Comme lui, de nombreux aînés se tournent vers la débrouille pour affronter la plus grave crise économique depuis l'effondrement du bloc soviétique en 1991. Entre inflation galopante, pénuries alimentaires, coupures de courant et sanctions américaines renforcées, l’île peine à offrir une retraite digne à ses anciens.
Fin 2024, plus de 25 % des 9,7 millions de Cubains avaient plus de 60 ans, faisant de Cuba l’un des pays les plus vieillissants d’Amérique latine. Selon les chiffres officiels, plus de 39 % des retraités perçoivent une pension minimale de 1 528 pesos — soit environ 13 dollars au taux officiel, et seulement 4 dollars sur le marché informel qui fixe les prix réels.
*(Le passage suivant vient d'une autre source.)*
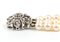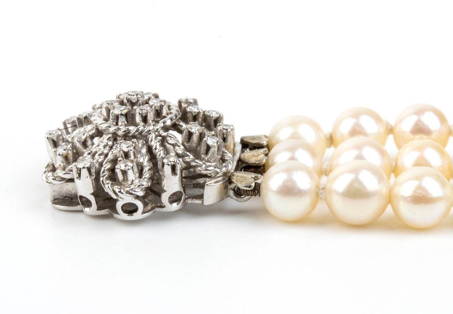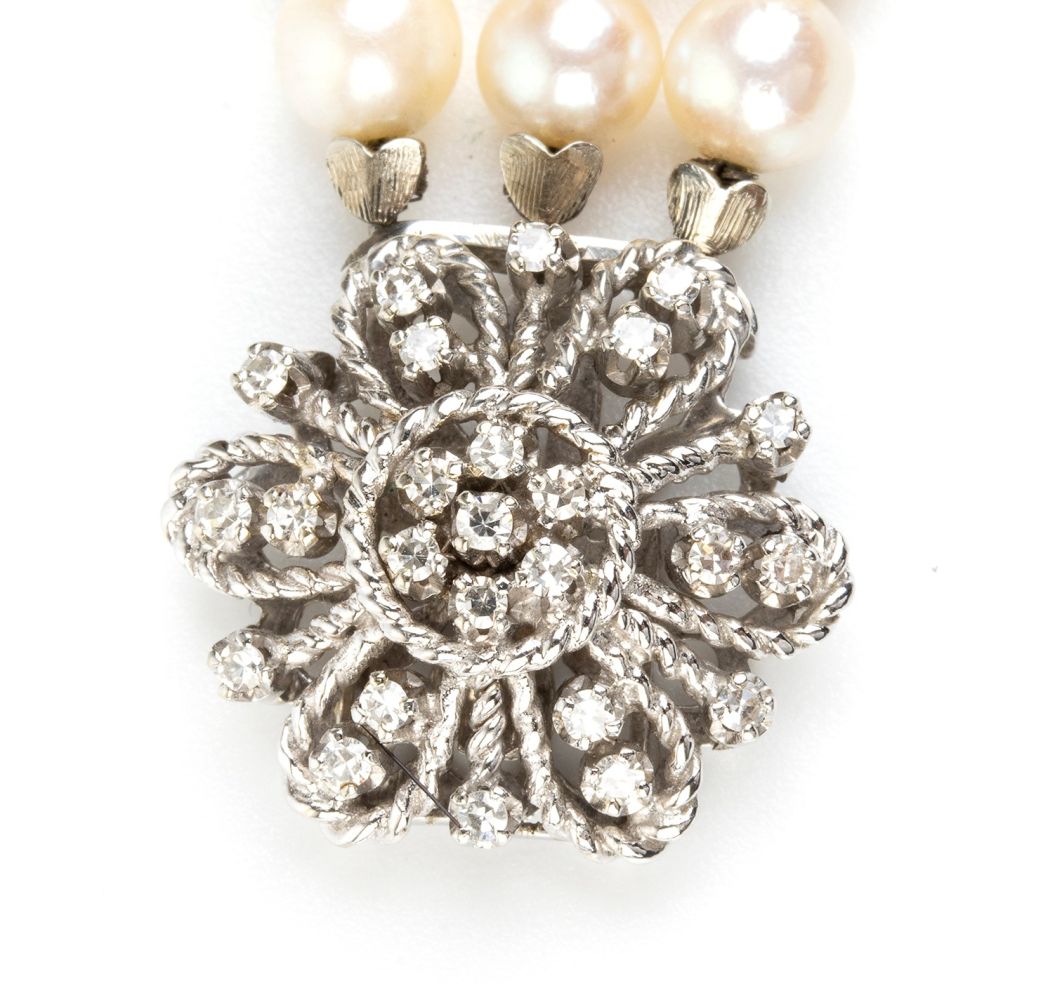 a tre fili di perle coltivate d'acqua salata con fermezza a rosone in oro bianco 18k, incastonata con diamanti. N. 25 diamanti di forma rotonda, taglio huit-huit, 0.75 ct circa, F-G , VVS-VS. Punzonata "750 - 288 AL".

Antonia Diez, 70 ans, vend des vêtements et un peu de maquillage dans la rue.
« On se débrouille avec ce qu’on peut. La situation est difficile, et la pension ne suffit pas », explique-t-elle. Avec ses 1 540 pesos par mois, elle peut à peine acheter 15 œufs ou deux kilos de riz.
À Cuba, l'âge de la retraite est fixé à 60 ans pour les femmes et 65 pour les hommes. Mais nombreux sont ceux qui continuent à travailler, faute d’alternative. D’autant que depuis 2022, le plus important exode migratoire de l’histoire du pays a laissé de nombreux anciens sans soutien familial.
Dans les rues, les scènes de mendicité se multiplient. Des personnes âgées fouillent les poubelles à la recherche de nourriture ou de matériaux à revendre. La précarité gagne du terrain, jusque dans les aides sociales. Le livret de rationnement ("libreta"), longtemps pilier du système d’approvisionnement de base, ne garantit plus un ravitaillement régulier. Et pour compléter les maigres rations, les Cubains doivent se rendre dans des magasins en devises étrangères, aux prix souvent inaccessibles pour ceux qui n’ont que des pesos en poche.
Face à cette réalité, le Système d’assistance familiale (SAF), mis en place en 1998, tente de maintenir un filet de sécurité. Près de 68 000 personnes âgées bénéficient de ses 1 600 cantines à travers le pays. Eva Suarez, 78 ans, retraitée depuis 2008 avec la pension minimale, y trouve son salut depuis un an et demi.
« C’est ma seule option », souffle-t-elle. Le repas y coûte 13 pesos — à peine 11 centimes de dollar.
Mais au-delà des difficultés matérielles, c’est un profond sentiment d’amertume qui gagne certains. Lucy Pérez, 72 ans, ancienne économiste, a travaillé 36 ans avant de prendre sa retraite avec 1 600 pesos mensuels.
« Je n’ai rien. Ma maison tombe en ruine… La situation est précaire et sans perspective », déclare-t-elle, accablée.
Selon une étude du Centre d’études de l’économie cubaine (Université de La Havane), une famille cubaine de trois personnes avait besoin en 2023 de 12 à 14 salaires minimums pour couvrir ses seuls besoins alimentaires de base. Un chiffre vertigineux, révélateur d’un système à bout de souffle.